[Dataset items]
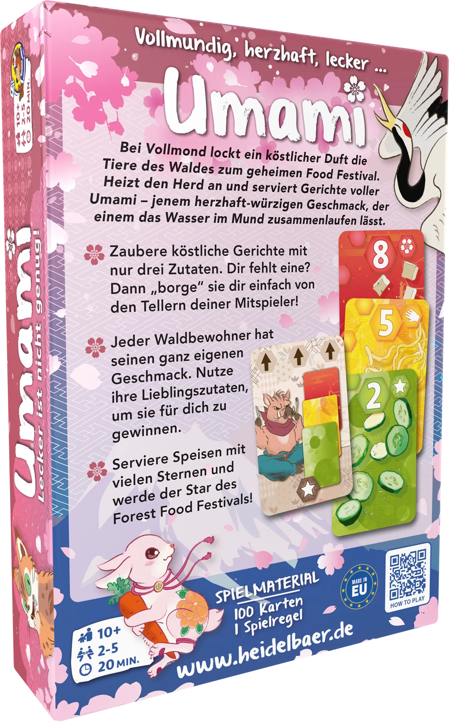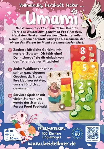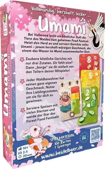 "Umami ist das geschmackvolle Kartenspiel für die ganze Familie, bei dem du mit nur drei Zutaten die köstlichsten Gerichte zauberst. Ziel ist es, die tierischen Gäste des geheimen Food Festivals für sich zu gewinnen und dafür darf auch mal bei den Mitspielern ...
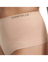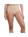 Vita alta con zona rinforzata, bordatura piatta che non segna.
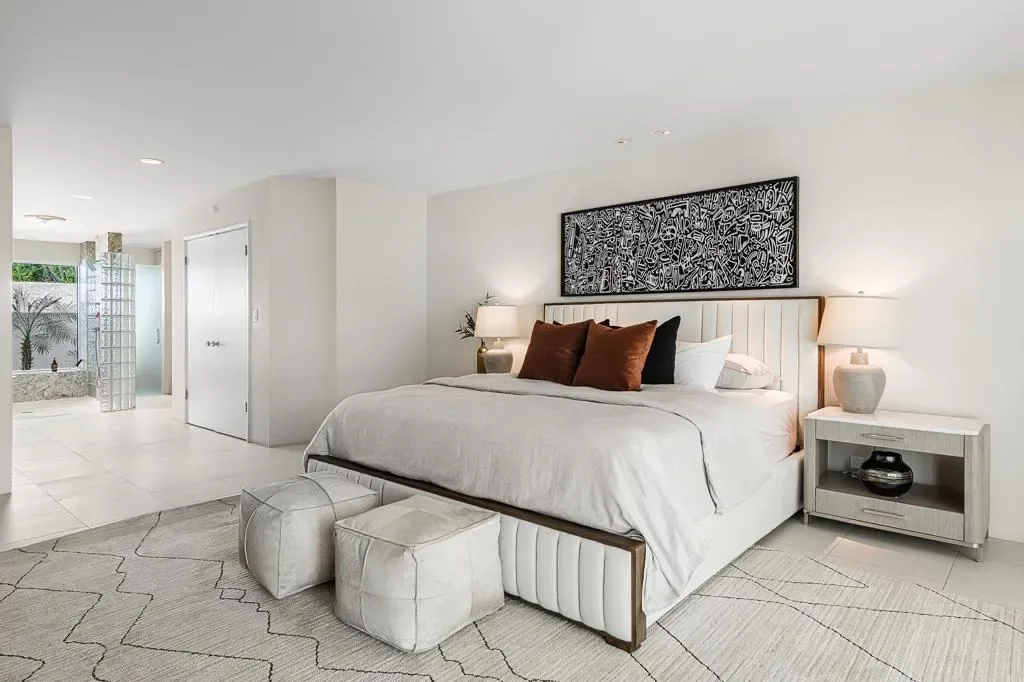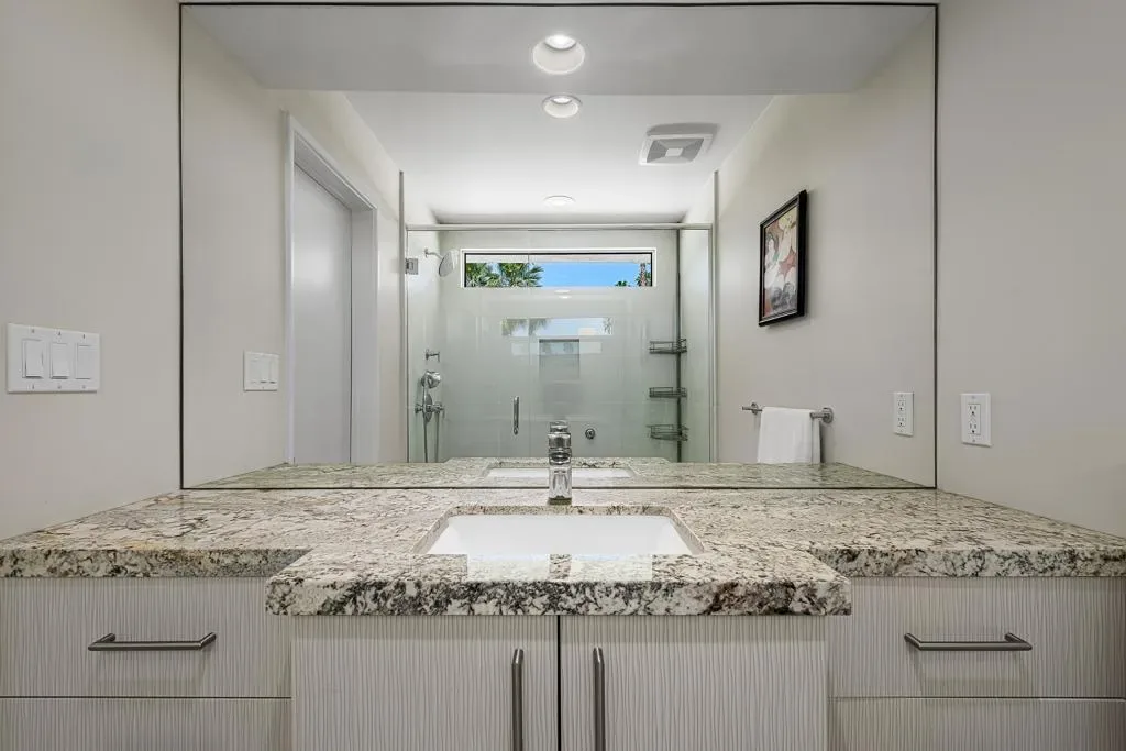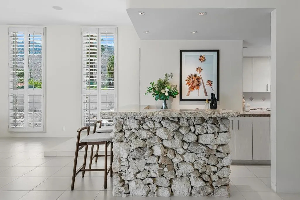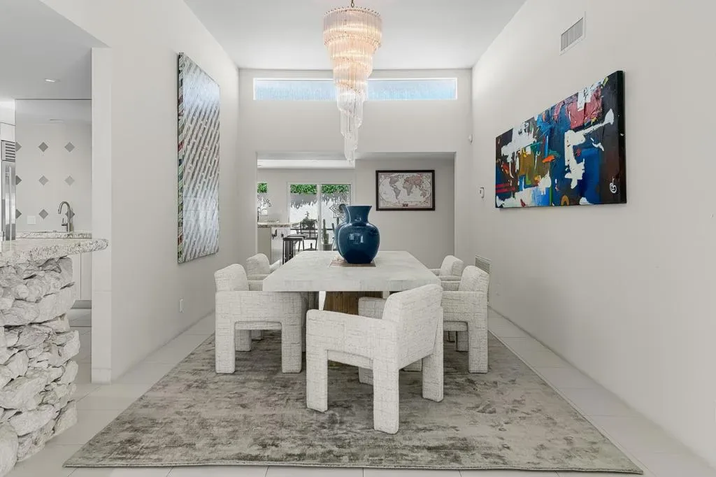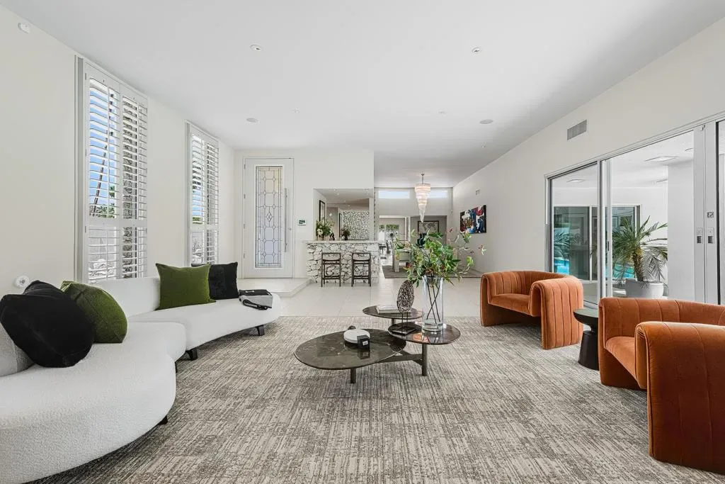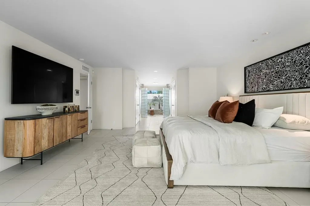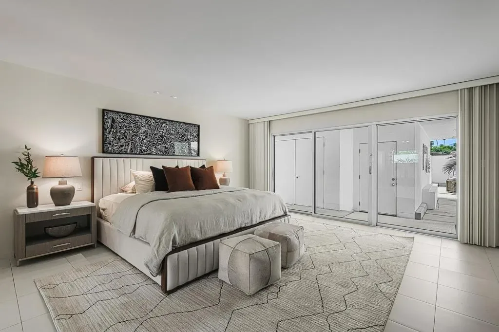 An exceptional presentation of contemporary design in Deepwell Estates, one of Palm Springs’ most coveted neighborhoods. This remarkable residence is defined by soaring ceilings, an open-concept layout, and dramatic floor-to-ceiling glass that frames a stunning south-facing pool with breathtaking mountain views.Formal living and dining spaces strike the perfect balance between sophistication and comfort, featuring a striking gas fireplace, abundant natural light, and seamless indoor-outdoor flow. An adjacent bar creates an elegant transition into the spacious modern kitchen, fully equipped with a complete suite of stainless steel appliances and an expansive island ideal for both entertaining and everyday living.The primary suite serves as a private sanctuary, offering direct outdoor access and a spa-inspired bath designed for relaxation. Additional guest suites provide comfort and privacy for visitors, while a versatile bonus room- perfect as an office, media lounge, or flex space-opens directly to the pool and surrounding grounds.Every detail of this extraordinary home reflects elevated design, thoughtful craftsmanship, and effortless elegance. Recent upgrades enhance both comfort and peace of mind, including leased solar, new roof, new pool heater, and a new tankless water heater.This is a rare opportunity to own a truly incredible property in one of Palm Springs’ most desirable enclaves.
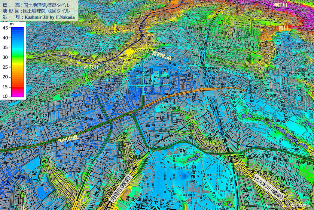 | 地形の三次元イメージ : 西新宿(角筈)~新宿(内藤新宿) |
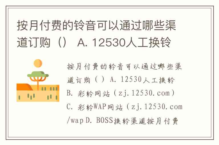 按月付费的铃音可以通过哪些渠道订购() A. 12530人工换铃 B. 彩铃网站(zj.12530.com) C. 彩铃WAP网站(zj.12530.com/wap D. BOSS换铃渠道
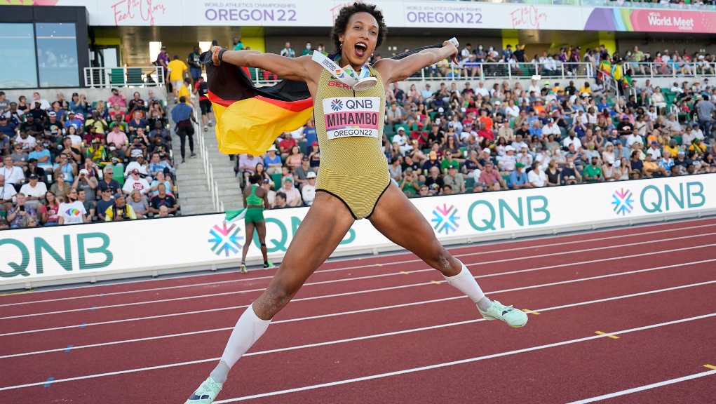Η Μαλάικα Μιχάμπο ανέβηκε στο υψηλότερο σκαλί του βάθρου στο μήκος με άλμα 7.12μ., στον τελικό του Παγκοσμίου Πρωταθλήματος στο Όρεγκον. Ασημένιο μετάλλιο για την Μπρούμε και χάλκινο για την Μέλο.
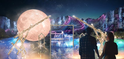 海と月のインスタレーション空間で、直径5mの巨大な「月」造形が施されたオブジェを設置し、水面にもその月が写り込み、幻想的な空間を演出します。 洲浜の園路にある飛び石には、来場者の動きをセンシングした体験やブラックライトを使った遊びの体験を仕掛けることで、観て楽しんで頂くだけではなく、幻想的な月を背景に日本庭園の"浜辺"で触れて遊ぶインタラクション体験をしていただきます。

▸ Your task
Reproduce the records exactly, starting with their first line and ending with the line that contains "Vita alta con", though pictures should be dropped.

▸ Reply
 "Umami ist das geschmackvolle Kartenspiel für die ganze Familie, bei dem du mit nur drei Zutaten die köstlichsten Gerichte zauberst. Ziel ist es, die tierischen Gäste des geheimen Food Festivals für sich zu gewinnen und dafür darf auch mal bei den Mitspielern ...
 Vita alta con zona rinforzata, bordatura piatta che non segna.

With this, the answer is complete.